The SEC's cybersecurity disclosure rules — effective December 2023 — have now been in force for over two years. With more than 400 material cybersecurity incident disclosures filed on Form 8-K Item 1.05, a pattern of ITGC implications is emerging that every SOX auditor should understand.
The Rule in Brief
Public companies must disclose material cybersecurity incidents within four business days of determining materiality. They must also disclose annually their cybersecurity risk management program, governance, and strategy on Form 10-K.

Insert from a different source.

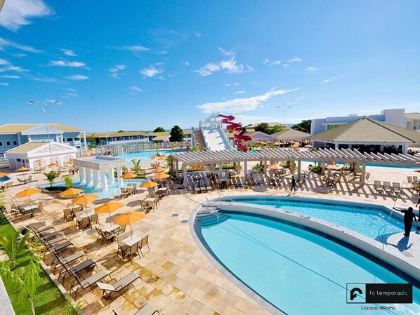 Sim, a propriedade dispõe de 8 piscinas externas e uma piscina infantil.

Common ITGC Gaps Exposed by Incident Disclosures
- Privileged access monitoring: The majority of disclosed incidents involved compromised privileged accounts — highlighting gaps in PAM controls that ITGC testing should catch
- Third-party access: 38% of disclosed incidents originated through a third-party vendor with access to internal systems — ITGC scoping often excludes vendor access
- Detection and response lag: Average time from compromise to detection remained 197 days — indicating monitoring controls are either absent or not operating effectively
What This Means for Your SOX ITGC Scope
External auditors are now more frequently including privileged access monitoring controls and third-party access controls within ITGC scope, particularly for systems that are in-scope for financial reporting.
Practical step: Review whether your current ITGC scope includes monitoring controls for privileged accounts and vendor access to in-scope systems. If not, expect your auditor to raise this in the next planning meeting.